Their parents didn't want them either.

She held it in front of her with both arms, and choked down her sobs by returning to the topic of the old dragon law.

It's not that dragons cared about vulnerable life - because they didn't, at all - but dragons who went after utterly defenseless things like eggs were the lowest cowards. Even small creatures like griffons or ponies were fair game - some of them had been known to slay dragons before (besides Crocomire.) Dragons were expected to seek thrills, and danger, and worthy opponents. Only a weak, frail, pathetic dragon would go after an egg. Even the rocks would be better, a dragon might break her leg kicking one.

She cleared her throat and forced herself to be proper, then knocked on the wall of the local "Egg Office". These "offices" were little more than specially designated caves or clearings spread all about the Dragon Lands. There was an "egg-mother" assigned to each one, and the other two kinds of dragons who frequented them were getters and runners. Getters gathered eggs one or two at a time and collected them there, and runners would pick them up in bulk and take them to the Dragon Lord for evaluation. Egg-mothers kept the eggs safe and made sure they were ready for pickup.

The egg-mother for this office was a few years younger than her - definitely not "mother" age - and Ember had never caught her name. She was prone to belching. She never excused herself, either.

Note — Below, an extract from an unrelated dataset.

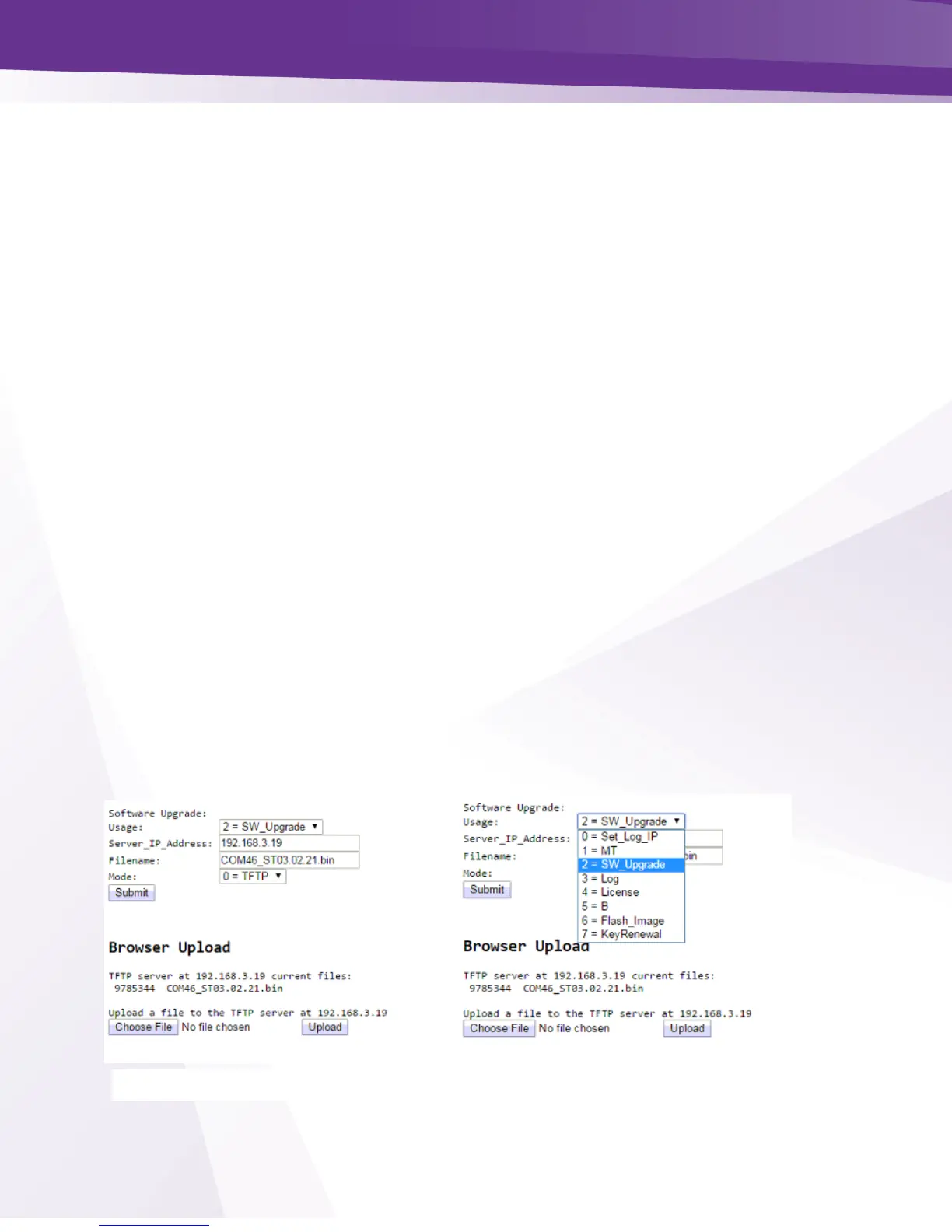 Figure 39 below shows in detail the upgrade section available on the PairingInfo page.

"Morning, Princess! [belch]" she offered.

Ember wrinkled her nose and set the egg down gently. "You're lucky the smell of all these eggs drowns you out."

"You're up pretty early!" the office master continued, unaffected. "Your dad doesn't let you sleep in, huh?"

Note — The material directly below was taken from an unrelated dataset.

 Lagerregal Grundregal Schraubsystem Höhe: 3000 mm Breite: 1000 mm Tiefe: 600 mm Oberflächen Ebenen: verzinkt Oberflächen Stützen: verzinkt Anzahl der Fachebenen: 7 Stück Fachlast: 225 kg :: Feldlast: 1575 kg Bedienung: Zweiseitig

"For his many flaws, my father is not nepotistic," she explained. "I am expected to work just as hard as everyone else. Sometimes more so," she finished with a grumble, and the dragon laughed (and burped.)

"Isn't it amazing how [belch] many dragon eggs are laying around this place? We oughta get some birth control," the gal offered. Ember found herself nodding before she could stop herself. "Oof, heavy sucker. This kid'll be healthy," she complained as she tried to lift the egg.

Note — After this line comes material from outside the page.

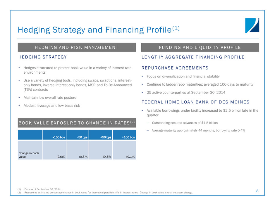 TA RG ET E D C A P I TAL A L LO C AT I O N Q 3 - 2 014 H I G H L I G H T S P O RT FO L I O C O M P O S I T I O N Portfolio Composition 7 • 56% capital allocation to Rates — Sold high-LTV and low FICO pools; reinvested in lower loan balance pools — Sold majority of ARM holdings • 44% capital allocation to Credit — Capital allocation to conduit increased quarter-over-quarter Rates(4) $10.4B Credit(5) $3.9B AS OF SEPTEMBER 30, 2014 $14.3B Portfolio $ Millions (1) Assets in “Other” include credit sensitive loans (CSL) and non-Agency IOs. (2) Includes IIOs (or Agency Derivatives) of $186.4 million. (3) HECM are loans that allow the homeowner to convert home equity into cash collateralized by the value of their home. (4) Assets in “Rates” include Agency RMBS, Agency Derivatives and MSR. (5) Assets in “Credit” include non-Agency RMBS, prime jumbo residential mortgage loans, net economic interest in securitization trusts and CSL. 30-Year Fixed $6,658 HECM(3) $1,764 Senior $2,474 Mezzanine $518 MSR $498 Hybrid ARMs $132 15-Year Fixed $65 Other-Fixed $793 IOs and IIOs(2) $472 Other(1) $34 57% 53% 52% 54% 54% 57% 58% 57% 56% 36% 37% 38% 46% 46% 43% 42% 43% 44% 7% 10% 10% 0% 10% 20% 30% 40% 50% 60% 70% Rates Credit Residential Real Properties Net Economic Interest in Securitization Trusts $490 Prime Jumbo Loans $419 Dec. 31, 2013 Mar. 31, 2014 Jun. 30, 2014 Sept. 30, 2014 0.0% 1.8% 5.7% 7.6%

"Say, do you erm, know if dragons can lay eggs that... won't hatch?" Ember asked.

"The heck does that mean? [belch] Of course the eggs'll hatch, if we keep 'em happy," she replied.

"Never mind." Ember flew off without another word.


After another day of egg-hunting, Ember made it back home just before sundown.

"Hey dad, I'm back." Ember called, floating into the hollow, skull-shaped mound.

"Find any heroes?" Torch called hopefully. He was lazing on the giant dais that constituted his bed, surrounded with pointless trinkets. Dragons and their hoards.

Ember's eyes narrowed. "No." she said. "All pales today." In dragon superstition, white eggs - even with decorations like the green-striped one she'd found - were considered nothing special, compared to eggs of vibrant colors, which were believed to hatch stronger dragons.

So-called "pales" definitely made up the bulk of abandoned or lost eggs. Ember's heart sank to think that dragons could be so cruel and utilitarian about their own children.

"Dad," Ember asked hesistantly. "What color was my egg?"

There was a very terse silence; even a guy like Torch thought twice about such a question. Her father blinked and bit his lower lip before responding. "It was beautiful, diamond," he asserted. "There are places where water flows like lava. They call them all kinds of weird words. 'Rivers', 'oceans', 'lakes'. I don't know the difference, but they're all blue. Your mother --"

He paused, and Ember crossed her arms in discomfort before he continued.

"... She told me about the ocean. Your egg was blue. Deep and beautiful, with these cyan swirls as bright as the sky. She said it reminded her of the ocean."

"My mother knew what the ocean was?"

"Get some rest, diamond." he sighed. "You look exhausted."

Ember laid down on her own bed, facing away from her father.